BER Analysis of Wavelet Based OFDM and SC-FDMA for 4th Generation LTE Using Various Modulation Techniques

BER Analysis of Wavelet Based OFDM and

SC-FDMA for 4

th

Generation LTE Using

Various Modulation Techniques

Purva S. Kale1, V.P. Kodgirwar2

ME Student, Department of ECE, PES Modern College of Engineering, Shivajinagar, Pune, India

Assistant Professor, Department of ECE, PES Modern College of Engineering, Shivajinagar, Pune, India

ABSTRACT: 4th generation long term evolution(LTE) usesorthogonal frequency division multiplexing (OFDM) and

single carrier frequency division multiplexing (SC-FDMA). OFDM contains multiple carriers and it provides higher spectral efficiency compared to frequency division multiplexing (FDM). Use of Wavelets provides good orthogonally and there is no need of cyclic prefixing thus the spectrum efficiency increases.

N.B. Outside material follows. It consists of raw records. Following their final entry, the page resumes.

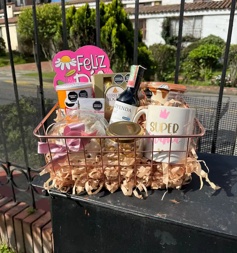 Inlcluye: Mug super Mamá, Frasco maní, Torta personal, Vino leyenda 187 ml, Arequipe, Almendras, Pringles y Ferrero x 4
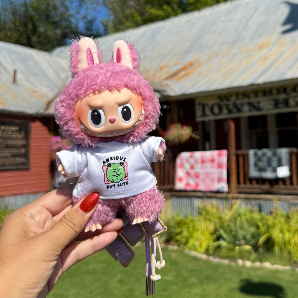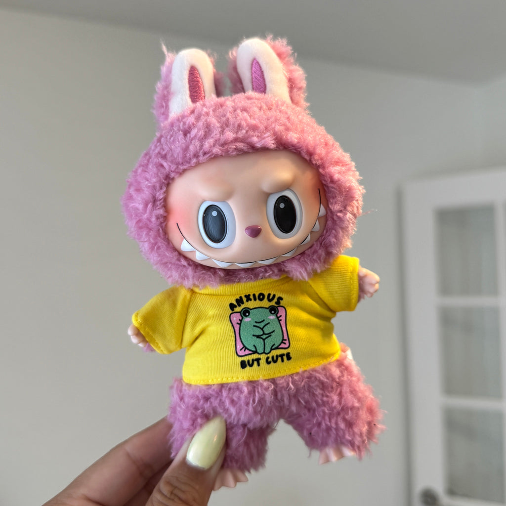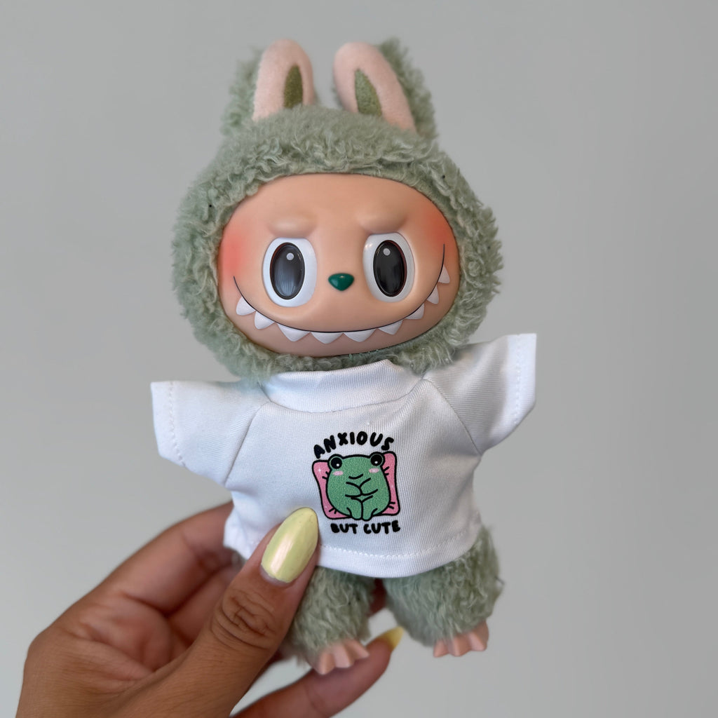 Anxious But Cute Labubu ShirtShirt will fit all versions of Labubus (Macaron, HAS & BIE)- not the minis!
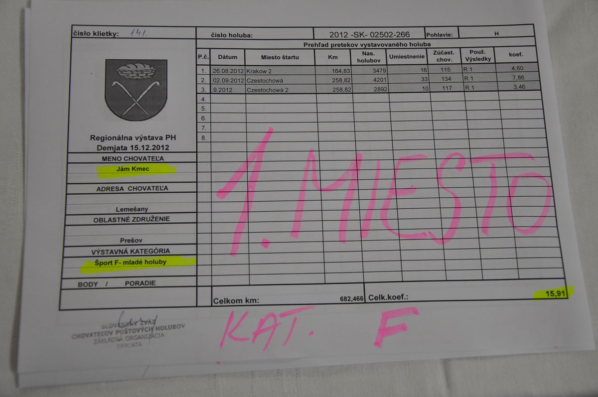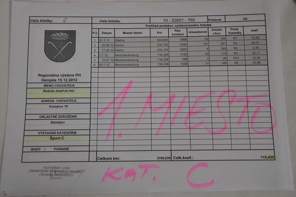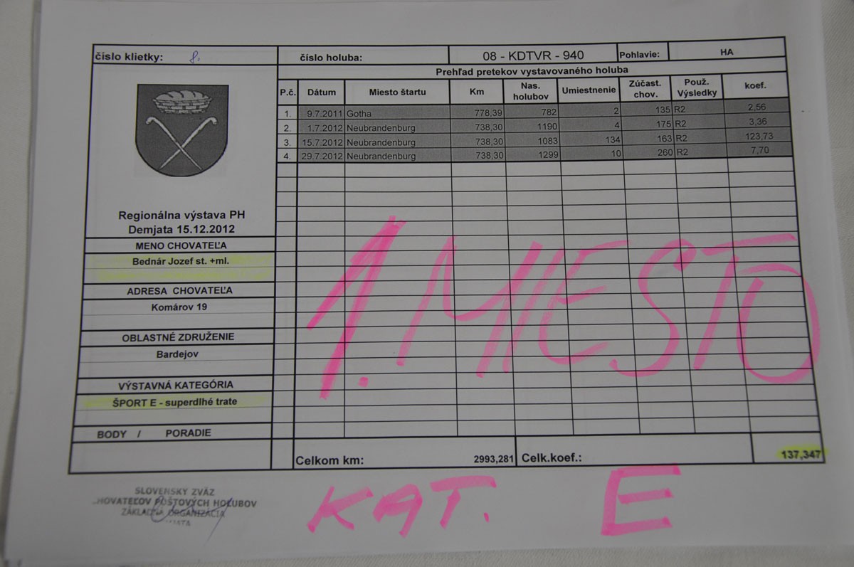 | 1. miesto | 08-KDTVR-940 | A | Bednár J st.+ml. | BJ | 137,347 | | 2. miesto | 08-SK02606-58 | H | Dulák Peter | BJ | 175,652 | | 3. miesto | 09-SK02407-41 | H | Plesko Marek | KE | 185,695 | Kategória ŠPORT F 12-SK02502-266 H - Kmec Ján 12-SK02502-266 H - Kmec Ján| umiestnenie | holub | pohl. | chovateľ | OZ | koeficient |

Thus Wavelet based OFDM improves the Bit error Rate(BER) performance.Recent research has shown that the Single Carrier Frequency Division Multiple Access (SC-FDMA) is an attractive technology for uplink broadband wireless communications, because it does not have the problems of Orthogonal Frequency Division Multiple Access (OFDMA) such as the large Peak-to-Average Power Ratio (PAPR). In this paper, an efficient transceiver scheme for the SC-FDMA system, using the wavelet transforms is proposed. In the proposed scheme, the Fast Fourier Transform (FFT) and its inverse (IFFT) are replaced by the Discrete Wavelet Transform (DWT) and its inverse (IDWT). Wavelet filter banks at the transmitter and the receiver have the ability to reduce distortion in the reconstructed signals, while retaining all the significant features present in the signals. The performance of the proposed scheme is investigated with different wireless channels. Simulation results show that the proposed scheme provides better performance, when compared to the wavelet based OFDM, while the complexity of the system is slightly increased. In this paper, BER performance of DWT based OFDM and DWT based SC-FDMA are compared using different modulation techniques such as QPSK,16-QAM,64-QAM.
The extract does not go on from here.